Die Kulturwissenschaftlerin Anja Schwarz, Mitglied und designierte Sprecherin des Kollegs, erklärt: „Mich interessiert das Thema ‚Repair‘, weil es einen alternativen Zugang zum gegenwärtigen Krisenzustand westlicher Moderne eröffnet. Während diese Moderne auf Fortschritt und Innovation fokussiert ist, blendet sie häufig die damit verbundenen Geschichten von Gewalt, Ausbeutung und ökologischer Zerstörung aus – und erweist sich als unzureichend, um mit zerstörerischen Mensch-Umwelt-Beziehungen umzugehen.“
Ziel ist es, Stellen für Nachwuchswissenschaftler*innen an der Universität Potsdam zu schaffen und sich gemeinsam mit Beschädigungen, Brüchen und Verlusten auseinanderzusetzen und darin Anknüpfungspunkte für eine bessere Zukunft zu finden.Schwarz ergänzt: „Repair steht für mich damit auch für die Frage: Wie können wir in einer beschädigten Welt leben – nicht trotz, sondern mit den Rissen?“ und betont damit die gesellschaftspolitische Relevanz des Vorhabens.
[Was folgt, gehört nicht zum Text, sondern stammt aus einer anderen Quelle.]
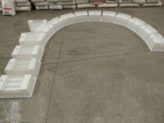 其中部件A基座型拱形骨架護(hù)坡模具左右對(duì)稱,具體數(shù)量可以根據(jù)護(hù)坡實(shí)際高低需求來(lái)進(jìn)行水泥護(hù)坡磚的預(yù)制,一般高低為三個(gè)數(shù)量,左右共6個(gè)。部件B為拱形骨架護(hù)坡模具拱形部分,單拱鋪設(shè)共需10塊,部件C主要用于部件B和D接縫固定,可以更加有效的確保拱形骨架護(hù)坡的安全性,防止水泥護(hù)坡磚整體偏移及散架。
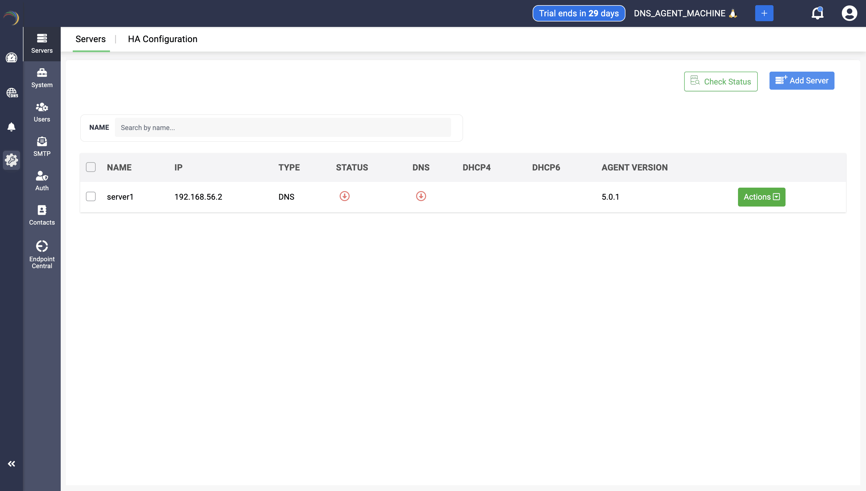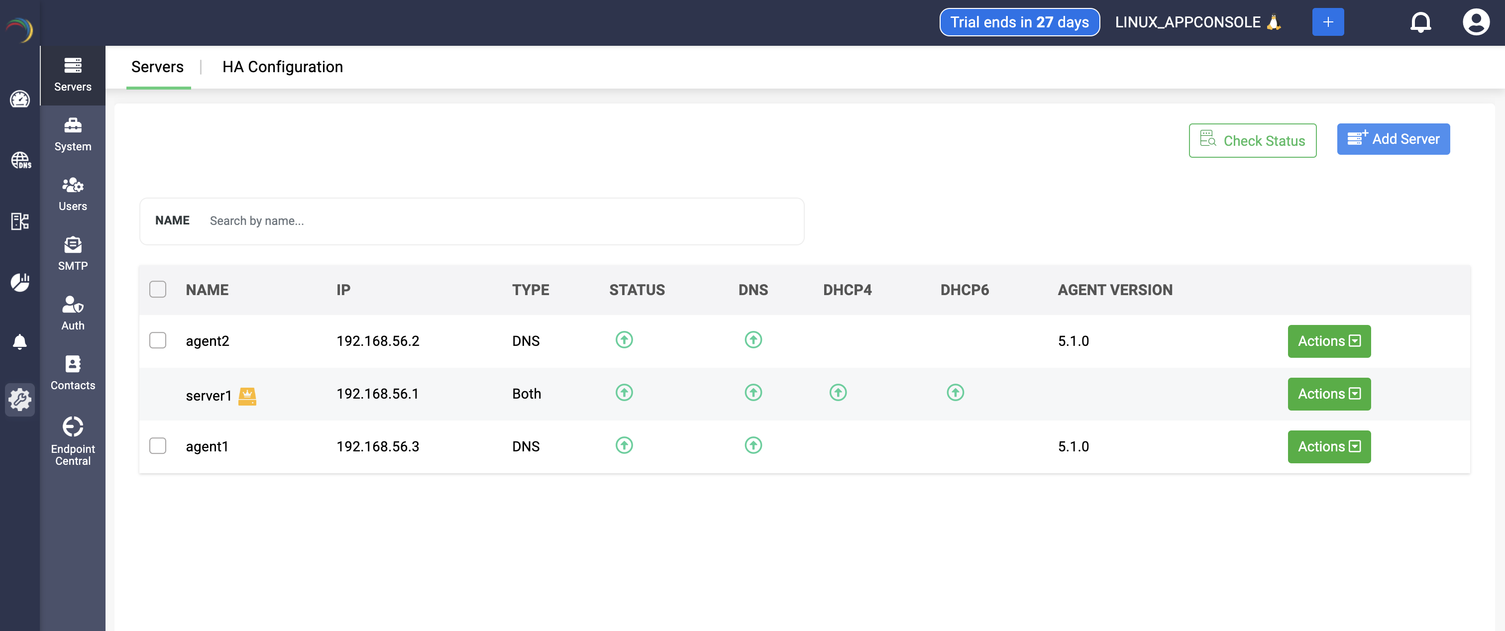 DDI Central now allows users to update the status of their servers and associated services by clicking the Check Status button after selecting the desired server. This action refreshes and displays the current status of both the server and the services it hosts. Users can select one or multiple servers to update their status simultaneously.

In dem aktuell polarisierenden Klima müssen Forschende nach Wegen suchen, die Postcolonial Studies resilienter zu machen. Das Potsdam Postcolonial Studies Collective versucht, dies mit der Etablierung von Kollektivstrukturen, neuen Maßnahmen in der Wissenschaftskommunikation, dem Austausch innerhalb und außerhalb der Universität sowie der selbstbewussten Setzung eigener Forschungsthemen zu erreichen. Gerade der Schwerpunkt auf ‚Repair‘ geht über die Idee der Resilienz, also das Weitermachen nach einer Krise, hinaus: Die beteiligten Forschenden fragen an dieser Stelle nach der historischen Verantwortung für heutige Krisen und verschiedenen Möglichkeiten für systemische Veränderung. Welche Strukturen sollten erhalten werden und welche vielleicht auch nicht?